The above given problem can be solved using the formula that was formulated from Snell's law of refraction with the angle of incident ray and the angle of refractive ray that comes out of the right-angled glass prism.

Formulae Used:
According to Snell’s law of refraction the refractive index of liquid is given by:
$\dfrac{{\sin \,i}}{{\sin \,r}} = \dfrac{\mu }{{{\mu _1}}}$
Where, $\sin \,i$ denotes the angle of incident ray, $\sin \,r$ denotes the angle of refractive ray, $\mu$ denotes the refractive index of the liquid, ${\mu _1}$ denotes the refractive index of the right-angled glass prism.
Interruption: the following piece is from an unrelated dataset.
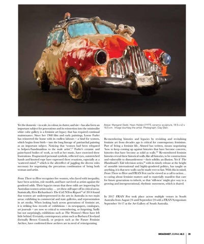 Above: Margaret Dodd, Hoon Holden (1977), ceramic sculpture, 18.5 x 42 x 18.5 cm. Image courtesy the artist. Photograph: Clay Glen.

Complete step-by-step solution:

The data given in the problem is;
The refractive index of the right-angled glass prism, ${\mu _1} = 1.5$.
From the given figure,
The angle of incidence, $i = {60^ \circ }$.
The angle of refraction = ${90^ \circ }$.
According to Snell’s law of refraction the refractive index of liquid is:
$\dfrac{{\sin \,i}}{{\sin \,r}} = \dfrac{\mu }{{{\mu _1}}}$
Substitute the values of angle of incidence, angle of refraction, refractive index of the prism in the above equation;
$\dfrac{{\sqrt 3 }}{1} = \dfrac{\mu }{{1.5}} \\\ \mu = 1.3 \\\$
Therefore, the refractive index of the liquid on $AB$ is $\mu = 1.3$.
Hence, the option (C) $\mu = 1.3$ is the correct answer.

Note:- Snell’s law also referred to as the refractive law, is a formula used to outline the connection between the angles of incidence and angle of refraction, it represents to light passing along a boundary between two varying isotropic medium such as water, glass, or air.